Weihnachten
Als mir im Supermarkt eine Dame an der Kasse „Frohe Weihnachten!“ wünschte, habe ich geantwortet: „Und ich wünsche Ihnen auch schon frohe Ostern!“ Das war Mitte November. Bei uns ist der Zeitrhythmus völlig durcheinander geraten. Und wenn ich mich hier in der Stadt umsehe, merke ich- nicht ohne erheblichen Ärger -,
dass das heidnische Konsum-Weihnachtsfest auf der ganzen Linie gesiegt hat. Ich habe früher mal vorgeschlagen, man sollte den 25. Dezember und die zwei bis drei Monate der „Vorweihnachts-Zeit“ endgültig den Heiden überlassen (die ja ursprünglich vor 2000 Jahren am 25. Dezember das Fest ihres heidnischen Sonnengottes feierten). Und dann könnte man ja am ursprünglichen Fest der Christus-Geburt am 6. und 13. Januar das christliche Weihnachtsfest zusammen mit unseren orthodoxen Geschwistern feiern. Aber ich befürchte: Mein Vorschlag wird nur als Konsum-Feindlichkeit abgetan. Schade.

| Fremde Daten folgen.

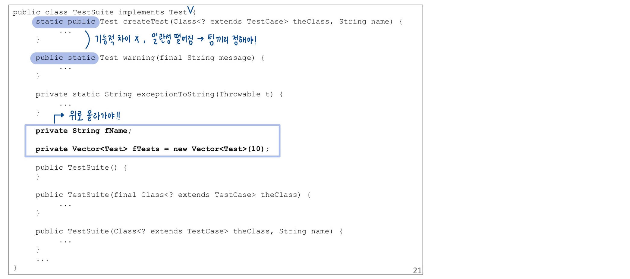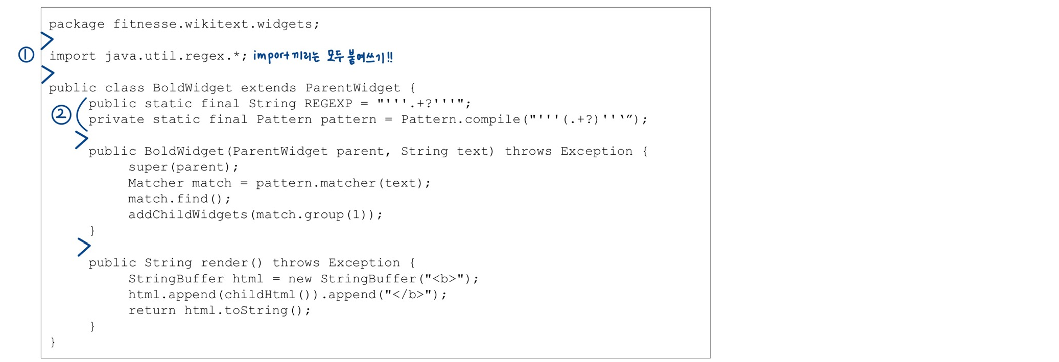 findJavaFiles(parentDirectory, files);에서 output argument를 사용하고 있다. 본래 output argument는 단 한 가지 경우를 빼놓고 사용하면 좋지 않다고 했는데, 그 한 가지 경우가 이것에 해당한다. 바로 recursive 함수에서는 boolean으로 결과를 잘 알리는 것이 어렵기 때문에 output argument가 필요하다!file.getName().endsWith(".java")는 chain을 형성하는 코드이다. 이는 뒤에 뭐가 어떤 파일들이 따르는지도 알고 있음을 명시하고 있다. 너무 tight하게 연관되어 있는 경우이므로 리팩토링이 필요하다.file.doesNameEndWith로 수정이 가능하다!measureLine(line)가 step down rule을 잘 보여주고 있다. 함수 호출을 한 후 바로 아래 해당 함수가 정의되어 있기 때문line.length는 짧은 코드인데 굳이 변수에 저장을 해서 사용하는 이유가 궁금할 수 있다. 하지만 두 번 사용하고 있기 때문에 변수 선언을 해서 중복 제거를 한 것!

Sie finden hier die schönste Weihnachtskarte, die ich kenne. Allerdings: Ursprünglich ist sie wohl gar nicht für Weihnachten gedacht. Friedensreich Hundertwasser hat 1955 sein Bild „Der große Weg“ genannt, und das ist ja für den Weg nach Weihnachten hin sehr passend. Jeder mag das Bild nach seiner Intention deuten. Ich sehe zunächst den Ursprung des großen Weges der Geschichte in einem dunklen Etwas, allenfalls von etwas Wasser belebt wird; Gottes Geist schwebte über den Wassern, so heißt es ja am Anfang der Bibel. Aber Gott ist nicht nur der Schwebende, sondern der den Weg der Geschichte in Bewegung bringt. Nach einer gewissen Strecke ist ein Quadrat; vielleicht das Volk Israel, das den Weg kurz behindert und dann weiter führt? Und dann ist es eine (fast!) unendliche Geschichte
von Blut, Geist und Liebe (Rot!). Immer wieder sind es Gefahren, vom Weg abzuirren. Was wie Brücken erscheint, sind in Wirklichkeit tödliche Hindernisse des Weges. Der Weg scheint, indem er sich dreht, in eine Sinnlosigkeit zu führen. Aber genau das ich es nicht. Sondern nach vielen Windungen kommt der Weg der Geschichte endlich im Zentrum, in der Mitte an; zum Schluss wird der Weg schmaler, aber dann strahlt er auf; die optische Ähnlichkeit mit dem Symbol des Volkes Israel ist nicht zu übersehen. Jetzt ist der große Weg endlich am Ziel.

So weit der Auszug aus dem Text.